### Activity
When you reach the line containing "Spotkaliśmy się w" in the entries below, begin reproducing lines exactly, and stop once the line containing "Cornwall Für eine" is done.
Segment Start: Data in this exercise
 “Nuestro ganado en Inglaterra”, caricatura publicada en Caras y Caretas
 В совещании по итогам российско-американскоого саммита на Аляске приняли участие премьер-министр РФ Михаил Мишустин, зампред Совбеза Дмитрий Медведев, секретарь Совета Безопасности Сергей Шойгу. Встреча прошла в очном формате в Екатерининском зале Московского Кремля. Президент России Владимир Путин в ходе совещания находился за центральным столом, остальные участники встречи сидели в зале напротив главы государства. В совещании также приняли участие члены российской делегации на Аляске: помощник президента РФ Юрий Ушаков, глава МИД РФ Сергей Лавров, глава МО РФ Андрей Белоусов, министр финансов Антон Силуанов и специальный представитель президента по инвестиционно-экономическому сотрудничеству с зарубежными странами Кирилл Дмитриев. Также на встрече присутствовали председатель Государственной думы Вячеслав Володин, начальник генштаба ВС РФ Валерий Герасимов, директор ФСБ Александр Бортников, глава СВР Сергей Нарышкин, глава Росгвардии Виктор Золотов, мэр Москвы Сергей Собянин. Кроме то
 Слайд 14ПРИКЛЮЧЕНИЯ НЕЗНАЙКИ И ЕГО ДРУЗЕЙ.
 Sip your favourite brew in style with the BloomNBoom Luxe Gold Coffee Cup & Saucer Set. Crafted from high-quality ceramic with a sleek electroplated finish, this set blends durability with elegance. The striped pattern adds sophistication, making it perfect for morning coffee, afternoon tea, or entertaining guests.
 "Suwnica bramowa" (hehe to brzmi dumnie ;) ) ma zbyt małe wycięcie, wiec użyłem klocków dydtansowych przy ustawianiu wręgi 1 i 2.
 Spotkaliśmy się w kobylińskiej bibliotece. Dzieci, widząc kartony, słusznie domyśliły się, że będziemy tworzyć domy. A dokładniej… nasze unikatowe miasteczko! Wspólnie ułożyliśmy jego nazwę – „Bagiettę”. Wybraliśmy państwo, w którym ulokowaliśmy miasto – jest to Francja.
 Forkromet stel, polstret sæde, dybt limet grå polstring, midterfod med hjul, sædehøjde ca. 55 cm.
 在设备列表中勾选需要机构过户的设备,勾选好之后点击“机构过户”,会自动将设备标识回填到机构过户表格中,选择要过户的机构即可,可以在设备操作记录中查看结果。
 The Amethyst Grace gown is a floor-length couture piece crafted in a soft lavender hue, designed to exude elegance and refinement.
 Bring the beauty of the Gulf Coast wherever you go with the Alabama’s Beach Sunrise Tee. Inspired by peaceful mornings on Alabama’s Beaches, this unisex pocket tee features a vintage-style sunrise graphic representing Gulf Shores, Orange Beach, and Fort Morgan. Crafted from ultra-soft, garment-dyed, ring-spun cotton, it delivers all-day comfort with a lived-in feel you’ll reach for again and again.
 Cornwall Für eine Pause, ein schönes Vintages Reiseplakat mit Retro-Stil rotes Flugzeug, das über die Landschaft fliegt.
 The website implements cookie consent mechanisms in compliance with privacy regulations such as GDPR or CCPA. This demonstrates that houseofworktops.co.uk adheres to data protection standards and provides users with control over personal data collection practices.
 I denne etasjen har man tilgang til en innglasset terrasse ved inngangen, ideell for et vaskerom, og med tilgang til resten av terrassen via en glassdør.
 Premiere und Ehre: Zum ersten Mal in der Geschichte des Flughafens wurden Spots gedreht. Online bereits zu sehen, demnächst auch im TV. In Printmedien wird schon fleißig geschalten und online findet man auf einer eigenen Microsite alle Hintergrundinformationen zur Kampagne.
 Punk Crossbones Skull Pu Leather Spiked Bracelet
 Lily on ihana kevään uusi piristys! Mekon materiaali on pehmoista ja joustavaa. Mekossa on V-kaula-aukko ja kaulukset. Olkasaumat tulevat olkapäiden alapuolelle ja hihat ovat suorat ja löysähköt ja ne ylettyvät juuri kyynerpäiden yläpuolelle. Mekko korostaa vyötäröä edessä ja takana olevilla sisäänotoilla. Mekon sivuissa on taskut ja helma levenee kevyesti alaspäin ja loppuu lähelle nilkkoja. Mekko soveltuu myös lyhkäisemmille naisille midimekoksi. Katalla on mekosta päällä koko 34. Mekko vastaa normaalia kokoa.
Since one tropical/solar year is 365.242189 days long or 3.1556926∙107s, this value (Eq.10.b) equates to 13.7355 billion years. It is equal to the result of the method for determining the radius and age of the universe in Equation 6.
Segment End: Data in this exercise
### Output for this exercise
 Spotkaliśmy się w kobylińskiej bibliotece. Dzieci, widząc kartony, słusznie domyśliły się, że będziemy tworzyć domy. A dokładniej… nasze unikatowe miasteczko! Wspólnie ułożyliśmy jego nazwę – „Bagiettę”. Wybraliśmy państwo, w którym ulokowaliśmy miasto – jest to Francja.
 Forkromet stel, polstret sæde, dybt limet grå polstring, midterfod med hjul, sædehøjde ca. 55 cm.
 在设备列表中勾选需要机构过户的设备,勾选好之后点击“机构过户”,会自动将设备标识回填到机构过户表格中,选择要过户的机构即可,可以在设备操作记录中查看结果。
 The Amethyst Grace gown is a floor-length couture piece crafted in a soft lavender hue, designed to exude elegance and refinement.
 Bring the beauty of the Gulf Coast wherever you go with the Alabama’s Beach Sunrise Tee. Inspired by peaceful mornings on Alabama’s Beaches, this unisex pocket tee features a vintage-style sunrise graphic representing Gulf Shores, Orange Beach, and Fort Morgan. Crafted from ultra-soft, garment-dyed, ring-spun cotton, it delivers all-day comfort with a lived-in feel you’ll reach for again and again.
 Cornwall Für eine Pause, ein schönes Vintages Reiseplakat mit Retro-Stil rotes Flugzeug, das über die Landschaft fliegt.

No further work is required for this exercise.